Practical considerations for specifying a super learner

from arxiv, A revised version of this article, which incorporates several modifications based on referees' suggestions, has been published in the International Journal of Epidemiology by Oxford University Press

Common tasks encountered in epidemiology, including disease incidence estimation and causal inference, rely on predictive modeling. Constructing a predictive model can be thought of as learning a prediction function, i.e., a function that takes as input covariate data and outputs a predicted value. Many strategies for learning these functions from data are available, from parametric regressions to machine learning algorithms. It can be challenging to choose an approach, as it is impossible to know in advance which one is the most suitable for a particular dataset and prediction task at hand. The super learner (SL) is an algorithm that alleviates concerns over selecting the one "right" strategy while providing the freedom to consider many of them, such as those recommended by collaborators, used in related research, or specified by subject-matter experts. It is an entirely pre-specified and data-adaptive strategy for predictive modeling. To ensure the SL is well-specified for learning the prediction function, the analyst does need to make a few important choices. In this Education Corner article, we provide step-by-step guidelines for making these choices, walking the reader through each of them and providing intuition along the way. In doing so, we aim to empower the analyst to tailor the SL specification to their prediction task, thereby ensuring their SL performs as well as possible. A flowchart provides a concise, easy-to-follow summary of key suggestions and heuristics, based on our accumulated experience, and guided by theory.

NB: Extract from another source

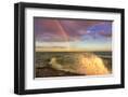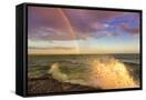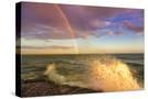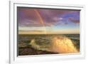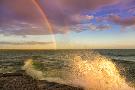 USA, New York, Lake Ontario, Clark's Point. Double rainbow over lake.

翻译：流行病学中常见的任务，包括疾病发病率估计和因果推断，都依赖于预测建模。构建预测模型可被视为学习一个预测函数，即输入协变量数据并输出预测值的函数。从参数回归到机器学习算法，有很多从数据中学习这些函数的策略可用。由于不可能提前知道哪种策略最适合当前特定数据集和预测任务，选择一种方法可能具有挑战性。超学习器（SL）是一种缓解对选择某一种“正确”策略的担忧的算法，同时提供考虑许多策略的自由，例如合作者推荐的、相关研究中使用的或领域专家指定的策略。它是一种完全预设且数据自适应的预测建模策略。为确保SL能良好地指定用于学习预测函数，分析人员确实需要做出一些重要选择。在这篇《教育园地》文章中，我们提供了逐步指导方针以做出这些选择，引导读者逐一了解每个选择，并在此过程中提供直观理解。通过这样做，我们旨在使分析人员能够根据其预测任务定制SL的规范，从而确保其SL尽可能表现良好。一个流程图提供了关键建议和启发式方法的简洁、易于遵循的总结，这些建议基于我们积累的经验并受理论指导。